Moreover, discrepancies with basic assumptions of the model may not always invalidate its results. Linkage disequilibrium between loci determining the traits is assumed to be negligible in the coalescent approach we used (Whitlock 1999). However, as detailed in (Le Corre and Kremer 2003), significant linkage disequilibrium need not affect the Qst = Fst relationship (nor its multivariate equivalent in Equation 2) provided that it affects the between-population and the within-population covariances similarly. There are two possible sources of genetic covariance between traits: linkage disequilibrium and pleiotropic mutation. In this article, the mechanism studied is pleiotropy, but interestingly, when linkage disequilibrium, not pleiotropic mutation, is the source of the genetic covariance between traits, Equation 2 was also obtained by Rogers and Harpending (1983), although only for diallelic and nonpleiotropic loci and in an island model. However, we can expect that when neutral divergence occurs with an initial negative linkage disequilibrium buildup by past selection (Bulmer effect), the value of ρ may tend to fall below its neutral expectation (which assumes linkage equilibrium), as predicted by Le Corre and Kremer (2003) for univariate Qst measures. This effect should be even stronger with asexual populations. Finally, as shown in methods, in the case of species with some level of inbreeding, the test can still be performed but a correction must be applied by changing the expected ratio in Equation 2 to 2Fst/((1 − Fst)(1 + Fis)), where Fis is the inbreeding coefficient, also estimated from the neutral marker data.

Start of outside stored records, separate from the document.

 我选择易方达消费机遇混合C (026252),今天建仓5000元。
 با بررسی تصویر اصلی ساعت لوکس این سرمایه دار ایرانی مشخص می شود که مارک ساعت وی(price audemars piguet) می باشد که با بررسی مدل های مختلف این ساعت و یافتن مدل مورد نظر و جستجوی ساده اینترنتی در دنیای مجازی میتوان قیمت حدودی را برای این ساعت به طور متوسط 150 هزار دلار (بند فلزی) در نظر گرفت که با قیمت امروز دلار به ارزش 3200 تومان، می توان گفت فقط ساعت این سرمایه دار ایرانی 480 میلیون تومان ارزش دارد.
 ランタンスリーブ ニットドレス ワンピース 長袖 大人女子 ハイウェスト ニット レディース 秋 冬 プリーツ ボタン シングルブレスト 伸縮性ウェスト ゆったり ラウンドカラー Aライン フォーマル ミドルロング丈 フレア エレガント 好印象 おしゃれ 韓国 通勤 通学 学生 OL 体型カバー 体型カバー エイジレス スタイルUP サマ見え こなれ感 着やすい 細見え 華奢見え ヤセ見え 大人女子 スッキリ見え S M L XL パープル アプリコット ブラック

Regarding Fst estimation, the relevant Fst value in Equation 2 should be that of the loci encoding the quantitative traits (QTL) under study and may differ from that empirically measured on neutral markers. However, as discussed in Whitlock (1999), when the influence of mutation on Fst is weak relative to that of demography and the genetic system (strong drift and/or migration relative to the mutation rate for both markers and QTL), Fst is mainly determined by demography, common to both markers and QTL, so that the neutral pattern can be tested with Fst from neutral markers.

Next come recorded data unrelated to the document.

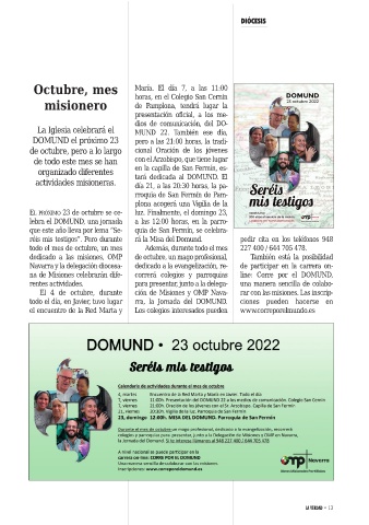 réis mis testigos”. Pero durante rá la Misa del Domund. pedir cita en los teléfonos 948
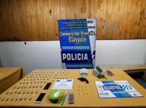 Tras tareas de investigaciones, pesquisas corroboraron el ilícito de ventas de drogas identificando a los autores de las maniobras, y concretaron un allanamiento en la calle Venancio Flores casi esquina Rawson de Claypole, Almirante Brown, donde se detuvo a un hombre y se secuestraron 94 envoltorios de cocaína preparados para la venta, una planta de marihuana, cogollos de la misma sustancia, dos balanzas de precisión, una bolsa con elemento de corte, dos teléfonos celulares con los que realizaban las ventas, un revolver calibre 22 con nueve 9 cartuchos intactos sin numeración.
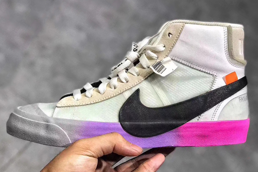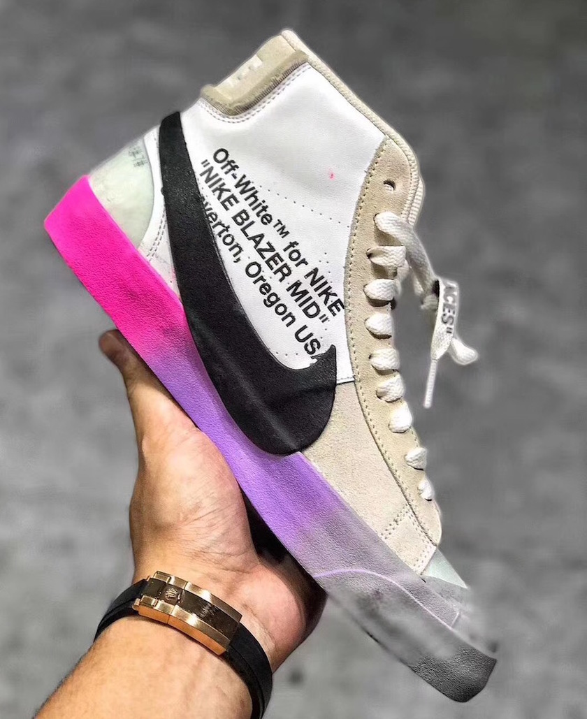 早前网络上曝光的一款彩虹配色 OFF-WHITE x Nike Blazer Mid 也是吸引了不少目光,虽然目前还不知道究竟是个人DIY还是官方出品,但不得不说这个设计还是非常诱人的。
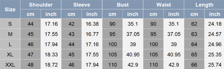 1. Asian sizes are 1 to 2 sizes smaller than European and American people. Choose the larger size if your size between two sizes. Please allow 2-3cm differences due to manual measurement.
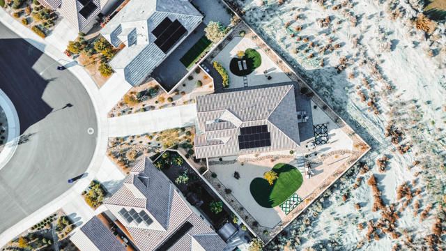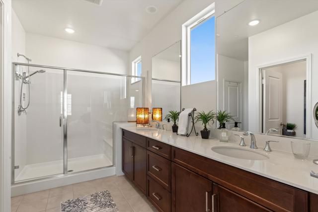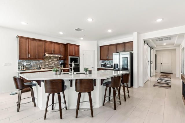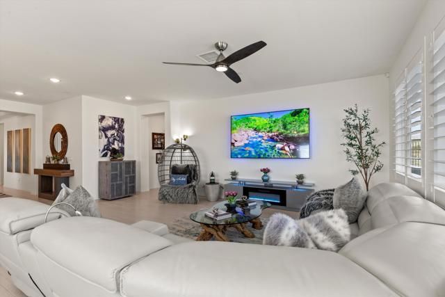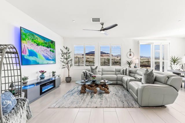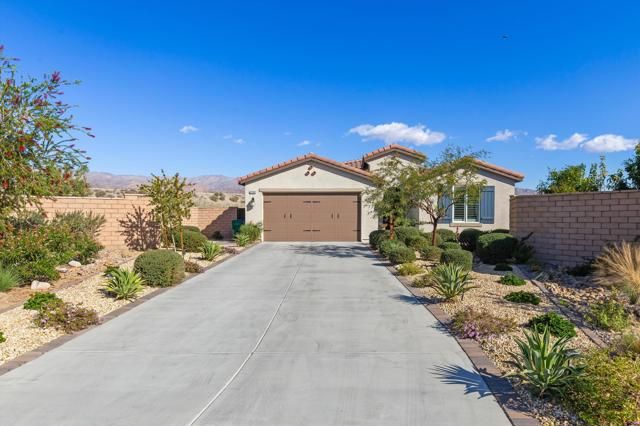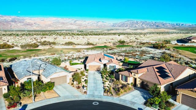 Welcome to this impeccably maintained 2023-built home offering 2,026 square feet of bright, open living in one of the Coachella Valley's most desirable 55+ communities. Perfectly positioned on an oversized 13,068 sq ft premium lot - one of the most unique the community has to offer - this residence showcases sweeping golf course views and breathtaking 360-degree mountain vistas.The thoughtfully designed floor plan features 2 bedrooms, 2 bathrooms, and a generous den/office--ideal for a home workspace or hobby room. Soaring 9-foot ceilings and an open-concept layout create an inviting atmosphere, enhanced by porcelain tile flooring and natural light throughout.The chef's kitchen impresses with quartz countertops, a large center island, dual ovens, stainless steel appliances, and a walk-in pantry. The primary suite offers a custom-designed walk-in closet and a spa-inspired bathroom with modern finishes. Upgraded carpeting in bedrooms, 4-inch plantation shutters, and ceiling fans complete the refined interior.Step outside to professionally landscaped grounds featuring artificial turf, mature fruit trees, and drought-friendly desert plantings. There's no shortage of parking with the expansive driveway and oversized three-bay garage that includes space for a golf cart & an EV charger.Exceptional energy efficiency comes standard with a FULLY OWNED solar system. Even better, the home is located within the Imperial Irrigation District (IID), offering significantly lower utility rates than neighboring areas. Four Seasons Terra Lago boasts an impressive 22,000 sq ft clubhouse featuring a state-of-the-art fitness center, full-service salon, yoga/aerobics studios, library, billiard room, ballroom, bistro, & both indoor & outdoor pools. Stay active with golf, tennis, pickleball, & countless organized activities that foster connection & community.Beyond the gates, the best of the Coachella Valley awaits. Easy I-10 freeway access puts you minutes from world-class dining, shopping, and entertainment. Catch a concert or sporting event at Acrisure Arena, try your luck at nearby casinos, or explore miles of scenic hiking trails in the surrounding desert mountains. The vibrant communities of La Quinta, Palm Desert, & Palm Springs are all a short drive away--offering championship golf courses, boutique shopping on El Paseo, the Palm Springs Aerial Tramway, and the valley's renowned restaurant scene.Turn-key and move-in ready--no new construction wait required.
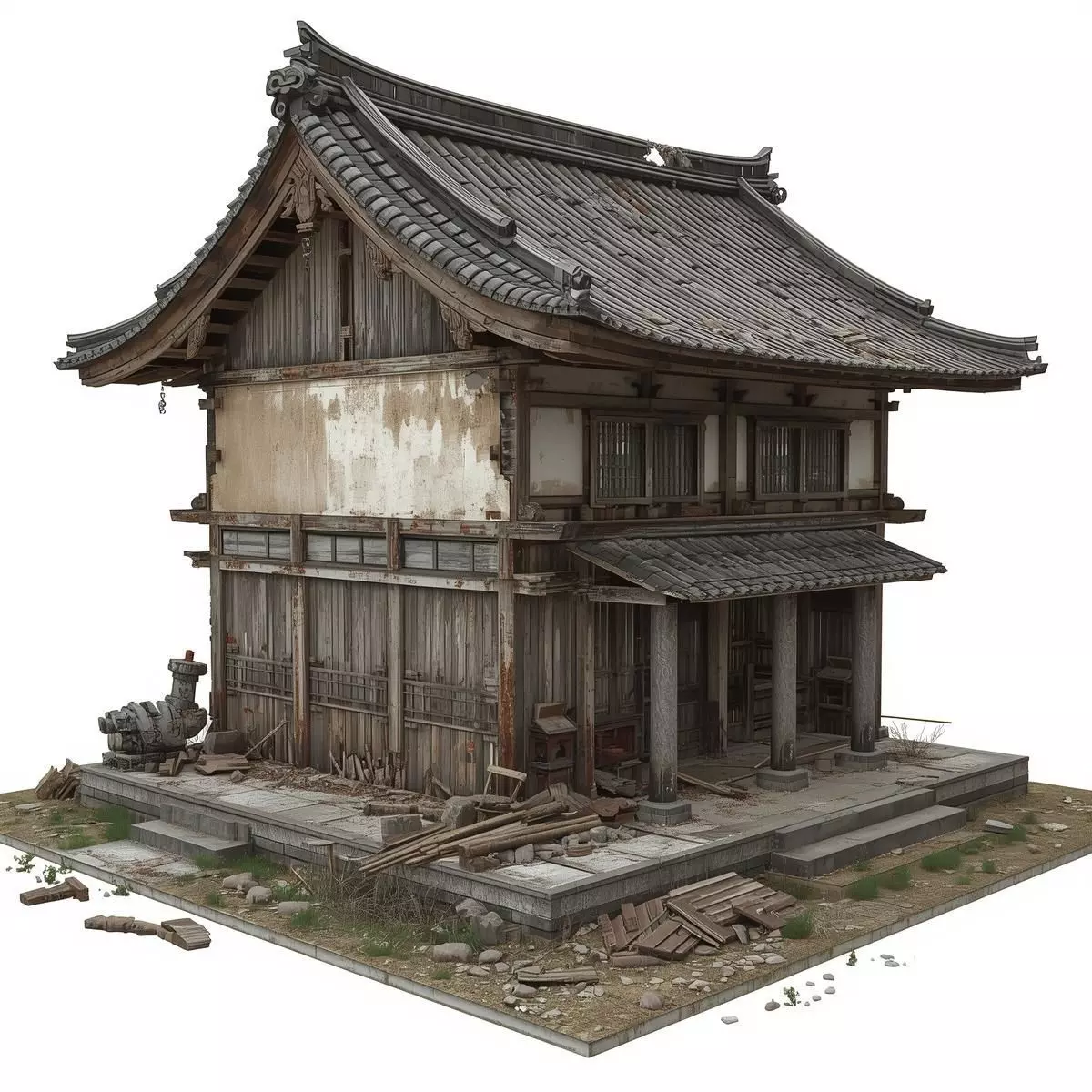 Key FeaturesTraditional Oriental Aesthetic: A meticulously designed architectural model that balances authentic cultural design with a compelling narrative of decay.

We can see two key assumptions to which the results should be sensitive: normality of the breeding values and additivity across loci encoding the traits. The method should be fairly strongly dependent on the normality assumption, as is the case for both the CPC analysis framework (Flury 1988) and the parametric Qst estimation methods (O'Hara and Merila 2005). Consequently, proper transformation of the phenotypic data to conform to the Gaussian assumption is recommended before analyzing the empirical data. We did not study the effect of nonnormality on the tests presented here, but one prediction can be made. When traits are non-Gaussian, the deviance of all models in the CPC analysis should be lower (as the Wishart distribution does not give a good fit to the sample covariance estimates), whereas the number of parameters for each model will remain unchanged. Therefore, (i) the proportionality test may reject the neutral pattern even when it is in fact correct (type I error), and (ii) the estimate of ρ and its C.I. may be incorrect. The first point should artificially favor selective interpretations against neutral ones. The second one may induce any unwanted effect (type I or II error) and we did not study this impact here. Our simulations (Figure 3) revealed that the C.I. for ρ was fairly correctly predicted by Equation 5, even under nonneutral conditions for which the proportionality assumption was violated. Consequently, we may suspect that test i based on the comparison of ρ with 2Fst/(1 − Fst) should also be more robust to nonnormality than test ii. However, again, proper standardization of the data to approach normality is a general recommendation in many multivariate analyses, and this method is no exception.
Nonadditivity of the quantitative traits, even neutral, is an acknowledged source of bias in Qst–Fst comparisons, leading, in most cases, to a downward bias of Qst relative to Fst. Both additive-by-additive variance (Whitlock 1999) and dominance variance (Goudet and Buchi 2006) affecting a neutral trait are expected to lower Qst relative to Fst, which in our case would lead to a value of ρ < 2Fst/(1 − Fst). Note that this effect is expected in many but not all cases when there is only dominance variance (discussed in Goudet and Martin 2007; Lopez-Fanjul et al. 2007). Together with the probable negative bias induced by negative linkage disequilibria due to past selection, these results suggest that a pattern of ρ < 2Fst/(1 − Fst) should be interpreted with some caution, as previously outlined (Whitlock 1999; Goudet and Buchi 2006) for the univariate Qst–Fst comparison. Such a pattern (if weak, at least) may reflect nonadditivity or linkage disequilibria affecting otherwise approximately neutral traits. On the contrary, the opposite pattern ρ > 2Fst/(1 − Fst) can be taken with greater reliability as evidence of heterogeneous selection.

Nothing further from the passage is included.